購入するときは月々の支払額だけで決めず、総支払額、返却条件、下取り査定、保証、周辺用品まで確認しましょう。
今のiPhoneに問題がなければ、値上げのニュースだけを理由に急いで買う必要はありません。故障やアプリの非対応で困っている場合は、必要な機能と容量を整理し、修理と買い替えの費用を比較してみてくださいね。
よくある質問
iPhoneは2026年7月に何円値上げされましたか?
2026年7月18日の価格改定による値上げ幅は、モデルと保存容量によって8,000円から25,000円です。
iPhone 17eは8,000円、iPhone 17は13,000円、iPhone Airは18,000円、iPhone 17 Proは15,000円値上げされました。iPhone 17 Pro Maxは20,000円から25,000円の上昇です。
値上げ後に最も安いiPhoneはいくらですか?
Apple Storeで販売される現行モデルでは、iPhone 17eの256GBが107,800円です。
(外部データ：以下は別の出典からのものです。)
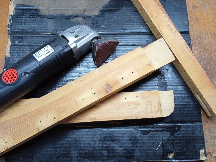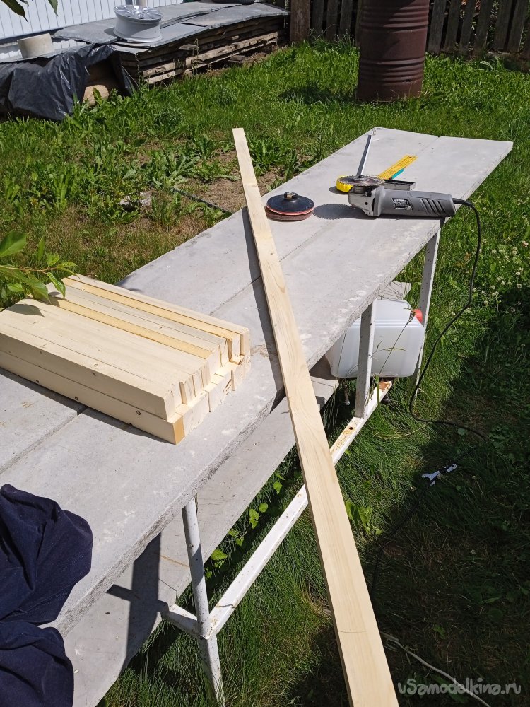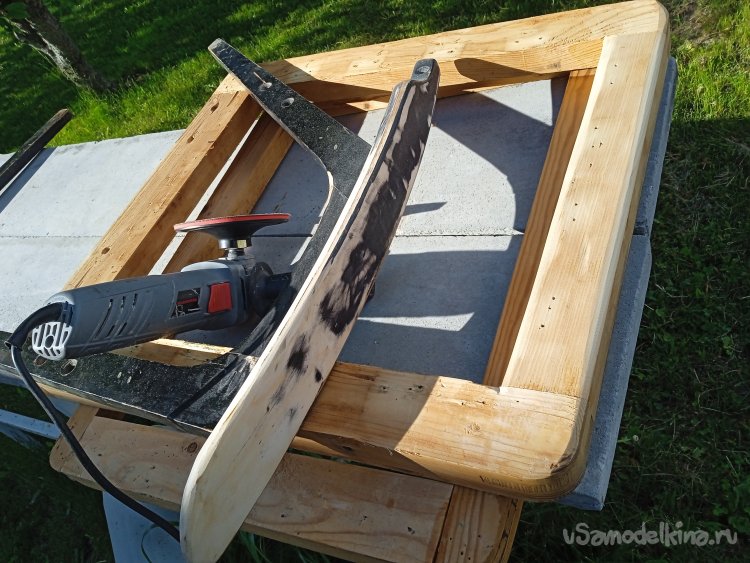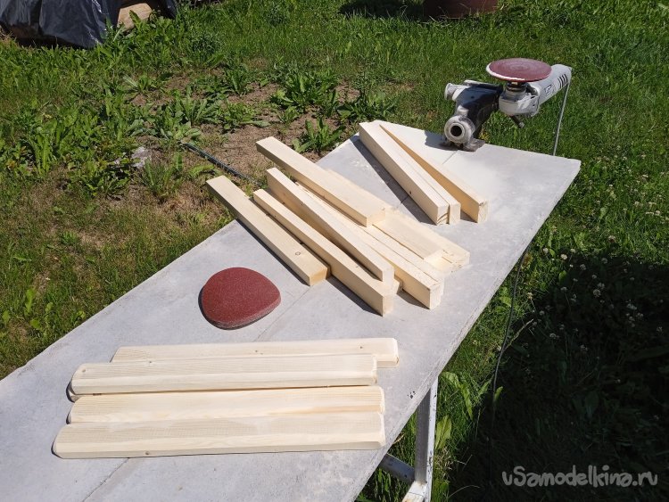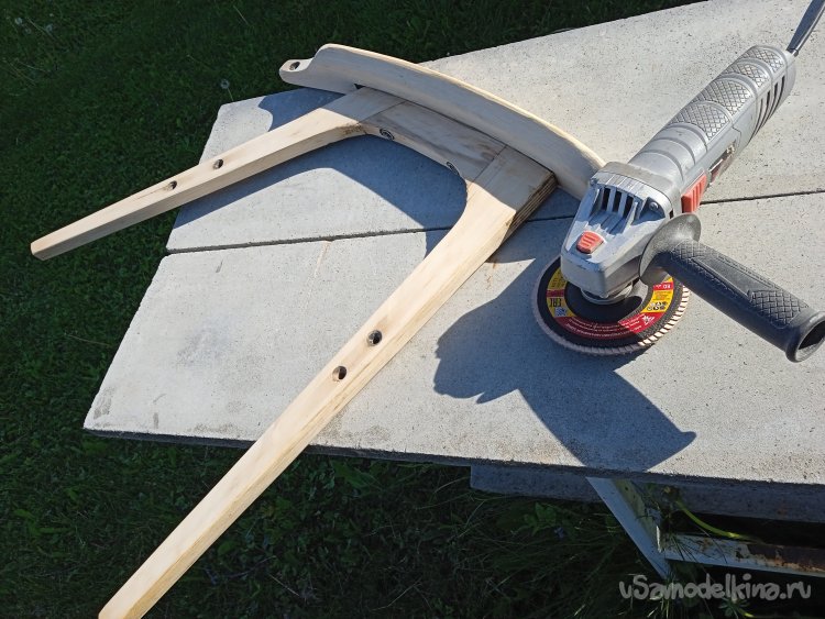Сделав импровизированный шлифовальный станок из тисков и УШМ, придал профиль заготовкам, превратив их в планки, для оснований спинки и сиденья.

価格は2026年8月8日の確認内容であり、今後変更される可能性があります。購入前にApple公式の最新価格を確認してください。
iPhoneは値上げ後の今、買うべきですか?
現在の端末が故障している、必要なアプリが使えないなど、具体的に困っている場合は購入を検討する意味があります。
今の端末が問題なく使える場合は、値上げだけを理由に急ぐ必要はありません。必要な機能、容量、使用年数、返却条件、総支払額を比較して判断しましょう。